De Guzman, affare fatto. Il centrocampista olandese in arrivo per 6 milioni

POST MONDIALE . C’è voluta un’estate intera per arrivare al centrocampista e dopo aver girato l’Europa (il Mondo) in lungo ed in largo, aver sperato in Mascherano, essere stati «sedotti e abbandonati» da Gonalons, riflettuto (e indietreggiato) dinnanzi ai costi di Javi Garcia, di Mario Suarez, sognato Kramer, ecco spuntare dal mondiale brasiliano Jonathan De Guzman (26), un olandesino volante – ma sul serio – per la sua leggerezza nella corsa, per la capacità di inventarsi o mediano dinnanzi alla difesa o trequartista o esterno, una sorta di trasformista moderno per il mosaico di Benitez.
E’ stata una lunghissima e faticosa ricerca, è stata una scelta condizionata da una serie di paletti (il costo dell’operazione, l’incidenza dell’ingaggio), è stato un indispensabile passettino in avanti, per avere almeno nuove opzioni, in quel centrocampo nel quale non c’è più Behrami e chissà se poi, alla fine della giostra, ci sia Gargano.

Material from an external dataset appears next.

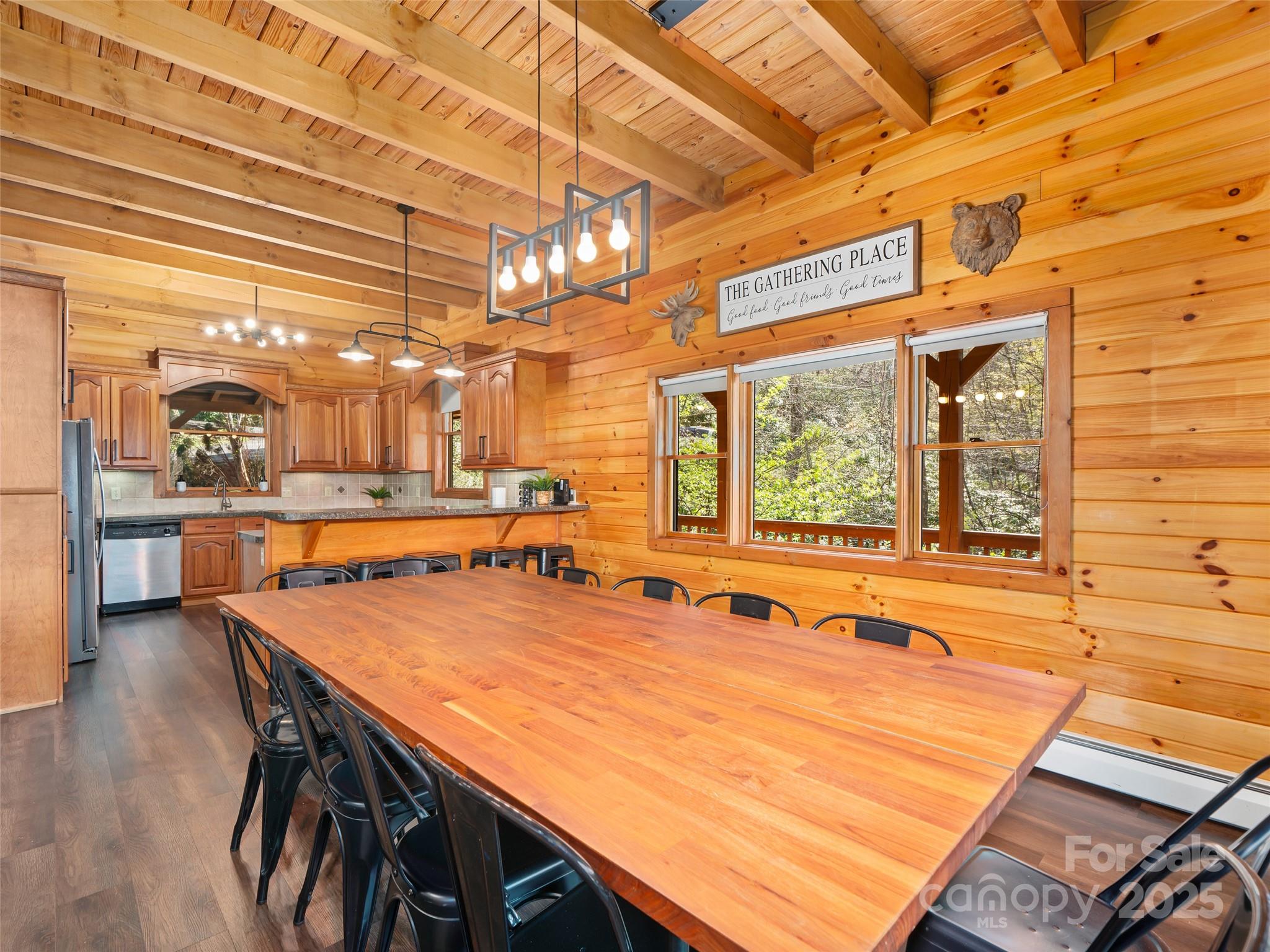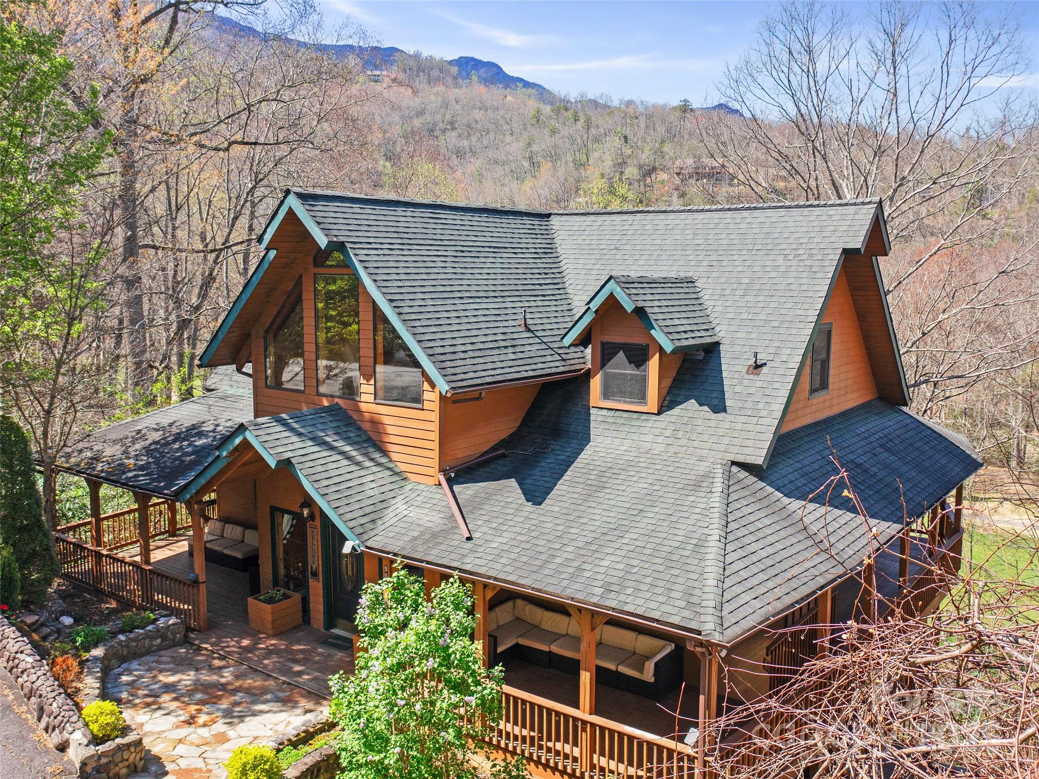 Resting above the Mt. Mitchell Golf Course -12th fairway with peaceful sounds of the passing South Toe River in the distance rest this 3 story beautifully crafted contemporary home with full basement. With its spacious 5 bedrooms sleeping 14 guests this beauty affords plenty of room for multi-generational living. Home rest on a carefully landscaped double lot with striking mountain views and has a creek running through its lower portion. This custom home is truly one of a kind, built by the previous owners (licensed contractors). The current owner has decorated and perfectly planned the various spaces throughout the home and has operated it as a very successful short term rental and will convey the contents of the home will convey with the right offer. This area boasts of three rivers for fishing and kayaking and is close to 10 of the highest peaks East of the Rockies, hosting plenty of trails for hiking, mtn. biking or just taking in the incredible natural beauty all around.

BLITZ. E adesso bisogna semplicemente chiuderla questa trattativa: lo faranno i presidenti in prima persona, Fernando Roig ed Aurelio De Laurentiis, forti d’un rapporto personale consolidato, di una stima reciproca che si è rinforzata con le frequentazioni del recentissimo passato. Il Qpr ci ha provato, De Guzman li ha bloccati, il Napoli s’è scongelato ed ha abbandonato il rigore dei propri principi: sei milioni per acquistarlo completamente, contratto quinquennale al calciatore, che alla fine sta ottenendo ciò che voleva, il riconoscimento presso un top club dopo essersi gustato la vetrina nel Mondiale con l’Olanda di Van Gaal.

E POI? Il resto, ed è scritto pure nell’aria, lo farà il preliminare, che è una cassaforte dalla quale (eventualmente) attingere per riuscire a rimediare il quarto centrocampista. Ma è un gioco complicato, che comprende altre mosse, quelle affidate al destino ed alla capacità di chi opera sul mercato: perché comunque c’è un Napoli che tracima di calciatori e di ingaggi.
Il nome utile per la causa resta quello di Marouane Fellaini (26), centrocampista belga del Manchester United: un’idea che ha perso un po’ quota nelle ultime ore per una serie di impedimenti. Però i tredici giorni che separano dal rintocco del “Big Ben” verranno utilizzati per scandagliare ancora il mercato, avendo poi percezione della disponibilità economica: con il gettito di milioni di euro concessi dalla (eventuale) qualificazione in Champions League, sarebbe possibile persino largheggiare, inventandosi un colpo dell’utlima ora; altrimenti – nella malaugurata ipotesi d’eliminazione – va a finire veramente che si scaverà tra i saldi d’inizio stagione.